Unlocking the Power of Mixture-of-Experts for Task-Aware Time Series Analytics
Xingjian Wu, Zhengyu Li, Hanyin Cheng, Xiangfei Qiu, Jilin Hu, Chenjuan Guo, Bin Yang
TL;DR
This work addresses the need for task-aware modeling in time series analytics by integrating a mixture-of-experts (MoE) framework with task-sensitive routing. It introduces PatchMoE, featuring a Recurrent Noisy Gating (RNG-Router) mechanism that leverages hierarchical representations across Transformer layers and routes time series tokens across both temporal and channel dimensions, guided by a Temporal & Channel Load Balancing Loss.
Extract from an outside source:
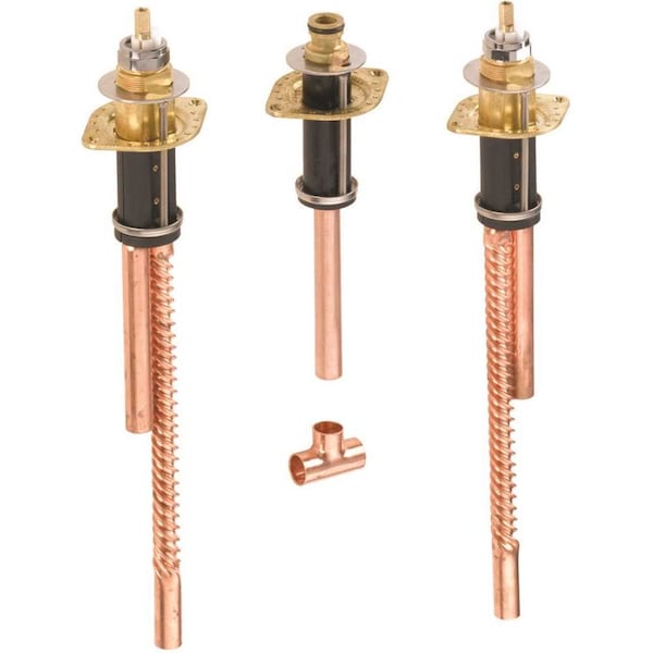 Complete your bath makeover with a luxurious Roman tub. The works with all 3-hole Roman tub trim kits, allowing you to install the rough and choose the trim later. For added convenience with installation, it allows you to tighten and adjust from above the deck.Includes the cartridgeFor use with 3-hole 2-handle roman tub trim kitsMaximum 2-1/2 in. deck thickness18 GPM at 60 psiNo additional mounting kits requiredTrim sold separately. This product contains one or more chemicals including lead known to the State of California to cause cancer and birth defects or other reproductive harm. Wash hands after installing or handling the product. https://www.p65warnings.ca.gov/

The approach achieves state-of-the-art results across five downstream tasks (forecasting, anomaly detection, imputation, and classification) on diverse datasets, and ablations confirm the substantial contributions of RNG-Router, shared versus routed experts, and the loss terms. These findings suggest PatchMoE as a scalable, general backbone for time series analytics with strong task-awareness and interpretability of routing behavior, with practical implications for real-world data processing and analytics pipelines.
Abstract
Time Series Analysis is widely used in various real-world applications such as weather forecasting, financial fraud detection, imputation for missing data in IoT systems, and classification for action recognization. Mixture-of-Experts (MoE), as a powerful architecture, though demonstrating effectiveness in NLP, still falls short in adapting to versatile tasks in time series analytics due to its task-agnostic router and the lack of capability in modeling channel correlations. In this study, we propose a novel, general MoE-based time series framework called PatchMoE to support the intricate ``knowledge'' utilization for distinct tasks, thus task-aware. Based on the observation that hierarchical representations often vary across tasks, e.g., forecasting vs. classification, we propose a Recurrent Noisy Gating to utilize the hierarchical information in routing, thus obtaining task-sepcific capability. And the routing strategy is operated on time series tokens in both temporal and channel dimensions, and encouraged by a meticulously designed Temporal \& Channel Load Balancing Loss to model the intricate temporal and channel correlations. Comprehensive experiments on five downstream tasks demonstrate the state-of-the-art performance of PatchMoE.